● **Problem description**: Below are some records. Return exactly the lines from the one containing "Set 6 đôi đũa" through the one containing "Indian Muslim women", both included, and only those.

● **Supplied records**:
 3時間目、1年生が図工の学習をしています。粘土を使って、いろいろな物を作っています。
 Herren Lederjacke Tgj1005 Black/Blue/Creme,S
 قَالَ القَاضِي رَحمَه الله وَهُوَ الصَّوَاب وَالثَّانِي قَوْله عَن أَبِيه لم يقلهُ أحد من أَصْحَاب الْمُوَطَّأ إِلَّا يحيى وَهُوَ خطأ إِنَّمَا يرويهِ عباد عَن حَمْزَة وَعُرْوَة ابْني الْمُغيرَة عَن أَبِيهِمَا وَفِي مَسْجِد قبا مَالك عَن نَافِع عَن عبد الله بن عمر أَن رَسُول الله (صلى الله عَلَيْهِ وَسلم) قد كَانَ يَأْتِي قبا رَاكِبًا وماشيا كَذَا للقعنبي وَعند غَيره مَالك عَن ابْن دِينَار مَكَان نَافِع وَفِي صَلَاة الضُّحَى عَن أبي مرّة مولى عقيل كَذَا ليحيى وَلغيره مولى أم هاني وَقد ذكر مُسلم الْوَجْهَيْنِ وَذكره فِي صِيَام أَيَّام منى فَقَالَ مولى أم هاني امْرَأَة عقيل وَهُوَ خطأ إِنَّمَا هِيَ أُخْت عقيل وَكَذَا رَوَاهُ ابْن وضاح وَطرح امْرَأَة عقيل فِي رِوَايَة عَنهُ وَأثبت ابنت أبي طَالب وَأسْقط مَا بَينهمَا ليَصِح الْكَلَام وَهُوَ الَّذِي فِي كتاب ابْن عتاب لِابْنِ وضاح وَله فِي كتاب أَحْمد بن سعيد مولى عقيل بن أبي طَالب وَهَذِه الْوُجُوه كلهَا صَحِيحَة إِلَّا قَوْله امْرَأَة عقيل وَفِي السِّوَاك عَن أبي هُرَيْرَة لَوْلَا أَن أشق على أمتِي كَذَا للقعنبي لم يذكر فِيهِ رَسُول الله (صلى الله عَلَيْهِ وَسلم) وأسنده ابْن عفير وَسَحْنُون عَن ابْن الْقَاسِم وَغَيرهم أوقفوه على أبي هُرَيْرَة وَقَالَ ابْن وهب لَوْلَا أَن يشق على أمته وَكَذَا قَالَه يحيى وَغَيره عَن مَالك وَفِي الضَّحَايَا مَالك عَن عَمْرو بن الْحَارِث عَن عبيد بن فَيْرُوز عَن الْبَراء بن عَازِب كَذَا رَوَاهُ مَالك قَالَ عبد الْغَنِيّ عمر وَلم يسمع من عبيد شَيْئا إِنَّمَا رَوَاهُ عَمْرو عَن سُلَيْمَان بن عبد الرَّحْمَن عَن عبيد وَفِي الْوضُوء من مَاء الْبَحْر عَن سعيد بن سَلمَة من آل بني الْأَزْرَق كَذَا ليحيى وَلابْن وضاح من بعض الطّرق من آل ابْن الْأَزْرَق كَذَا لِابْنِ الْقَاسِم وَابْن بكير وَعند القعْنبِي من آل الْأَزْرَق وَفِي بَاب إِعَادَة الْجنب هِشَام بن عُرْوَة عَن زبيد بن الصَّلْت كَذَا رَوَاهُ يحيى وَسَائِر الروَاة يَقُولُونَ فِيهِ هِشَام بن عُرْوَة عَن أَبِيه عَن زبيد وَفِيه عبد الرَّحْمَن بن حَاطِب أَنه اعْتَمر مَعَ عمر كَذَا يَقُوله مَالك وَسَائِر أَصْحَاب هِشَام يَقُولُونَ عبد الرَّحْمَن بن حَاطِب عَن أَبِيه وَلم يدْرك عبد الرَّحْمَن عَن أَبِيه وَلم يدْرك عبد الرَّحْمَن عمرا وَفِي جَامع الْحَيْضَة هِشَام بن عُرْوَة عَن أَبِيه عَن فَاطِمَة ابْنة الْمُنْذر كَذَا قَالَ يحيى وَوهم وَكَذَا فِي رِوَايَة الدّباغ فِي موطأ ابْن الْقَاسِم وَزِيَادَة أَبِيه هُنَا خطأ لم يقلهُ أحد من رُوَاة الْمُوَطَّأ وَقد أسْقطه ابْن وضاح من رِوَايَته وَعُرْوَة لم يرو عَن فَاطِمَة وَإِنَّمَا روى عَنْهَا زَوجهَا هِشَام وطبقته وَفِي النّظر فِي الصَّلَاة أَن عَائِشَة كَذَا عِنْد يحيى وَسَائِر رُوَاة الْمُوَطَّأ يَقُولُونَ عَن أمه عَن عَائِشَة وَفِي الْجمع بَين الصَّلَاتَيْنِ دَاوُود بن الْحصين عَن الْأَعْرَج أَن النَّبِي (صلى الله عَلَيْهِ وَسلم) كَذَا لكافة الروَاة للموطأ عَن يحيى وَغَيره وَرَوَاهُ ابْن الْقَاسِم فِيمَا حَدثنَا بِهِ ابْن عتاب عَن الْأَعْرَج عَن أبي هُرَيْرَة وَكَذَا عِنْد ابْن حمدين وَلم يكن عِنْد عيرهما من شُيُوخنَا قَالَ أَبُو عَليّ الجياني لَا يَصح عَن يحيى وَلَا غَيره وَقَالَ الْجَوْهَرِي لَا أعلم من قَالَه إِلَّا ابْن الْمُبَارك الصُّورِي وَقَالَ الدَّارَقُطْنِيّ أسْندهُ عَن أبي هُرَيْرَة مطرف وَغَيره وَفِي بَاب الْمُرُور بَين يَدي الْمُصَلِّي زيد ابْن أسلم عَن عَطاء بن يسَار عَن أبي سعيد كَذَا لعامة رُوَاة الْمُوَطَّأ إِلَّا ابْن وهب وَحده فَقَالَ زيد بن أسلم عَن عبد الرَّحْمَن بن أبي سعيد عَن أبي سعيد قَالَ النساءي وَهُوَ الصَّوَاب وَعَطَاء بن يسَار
* * *
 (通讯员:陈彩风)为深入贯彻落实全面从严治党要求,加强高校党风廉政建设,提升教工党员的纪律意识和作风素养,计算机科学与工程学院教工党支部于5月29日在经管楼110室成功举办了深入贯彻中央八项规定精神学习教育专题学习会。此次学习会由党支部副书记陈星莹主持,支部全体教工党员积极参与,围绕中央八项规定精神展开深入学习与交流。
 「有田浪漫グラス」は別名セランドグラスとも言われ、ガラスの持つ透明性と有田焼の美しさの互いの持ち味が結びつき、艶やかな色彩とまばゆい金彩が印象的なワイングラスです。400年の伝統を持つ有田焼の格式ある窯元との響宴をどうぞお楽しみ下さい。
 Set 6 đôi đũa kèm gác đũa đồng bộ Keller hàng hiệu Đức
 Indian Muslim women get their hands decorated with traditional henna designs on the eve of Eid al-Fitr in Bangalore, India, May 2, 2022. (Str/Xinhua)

● **Worked solution**:
 Set 6 đôi đũa kèm gác đũa đồng bộ Keller hàng hiệu Đức
 Indian Muslim women get their hands decorated with traditional henna designs on the eve of Eid al-Fitr in Bangalore, India, May 2, 2022. (Str/Xinhua)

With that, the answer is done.